Tag Archives | Adobe

Google Chrome to Integrate Flash

What if Flash felt less like a browser plugin and more like a browser feature? Google and Adobe intend to try and answer that question. They’ve announced that future versions of the Chrome browser will come with an integrated version of Flash. Download Chrome, and you’ll get a preinstalled, ready-to-go copy of Flash; update Chrome, and you’ll get any available Flash updates.

I know that some folks reading this post will have an instinctive negative reaction to this idea–there are definitely those who dislike Flash enough that they want nothing to do with it. But ardent Flash avoiders are a tiny minority, judging from the fact that the vast majority of the world’s PCs and Macs have Flash installed. (They’ll be able to disable the preinstalled Flash if they want.)

Conceptually, I like the idea–but only if it makes Flash more or less transparent.

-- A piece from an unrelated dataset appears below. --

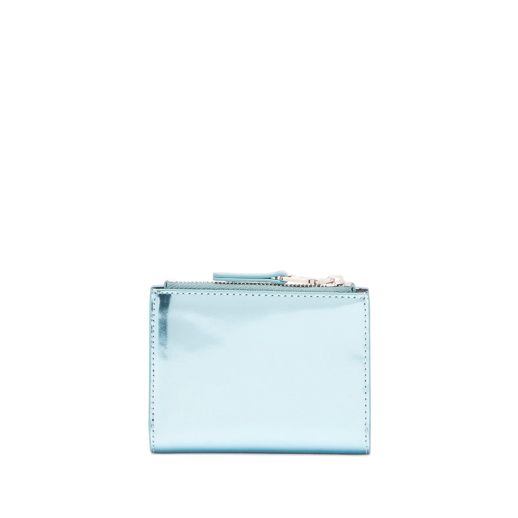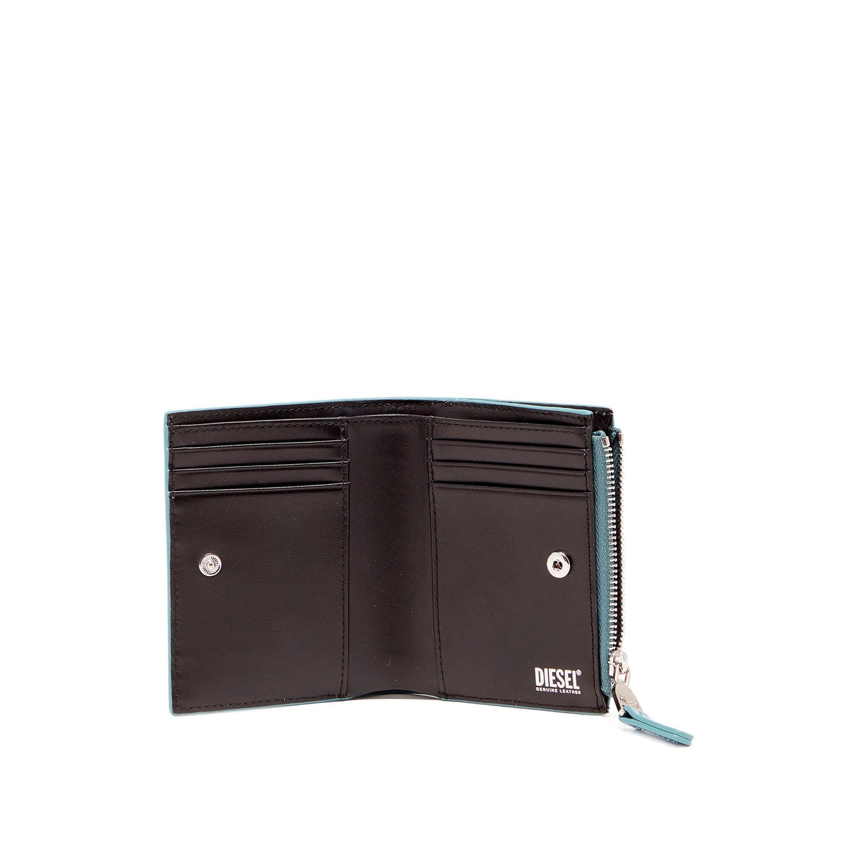 アイコニックなオーバルDを、メタリックなライトブルーのボディにパッチした「ディーゼル(DIESEL)」の二つ折り財布。札入れと閉じたままでもアクセス可能なコインケース、スリムな設計のカードスロット×6をシックなブラックの見開きに備えた、存在感のある色合いにパワーが漲るアイテムです。

Over the years, I’ve wasted a fair amount of time reinstalling and updating Flash, dealing with odd errors (like demands for more storage), and recovering from Flash crashes. If the integrated version results in a Flash that’s just there, it’ll be a good thing. And it would help make Flash more palatable in a world in which it’ll compete with open, browser-native HTML5 technologies–which is presumably part of the idea.

In related news, both Adobe and Google are working with Mozilla and other players in the browser community to build a new API for plugins–one which will allow for better integration than existing techniques. Again, good idea if it helps us forget we’re running plugins at all…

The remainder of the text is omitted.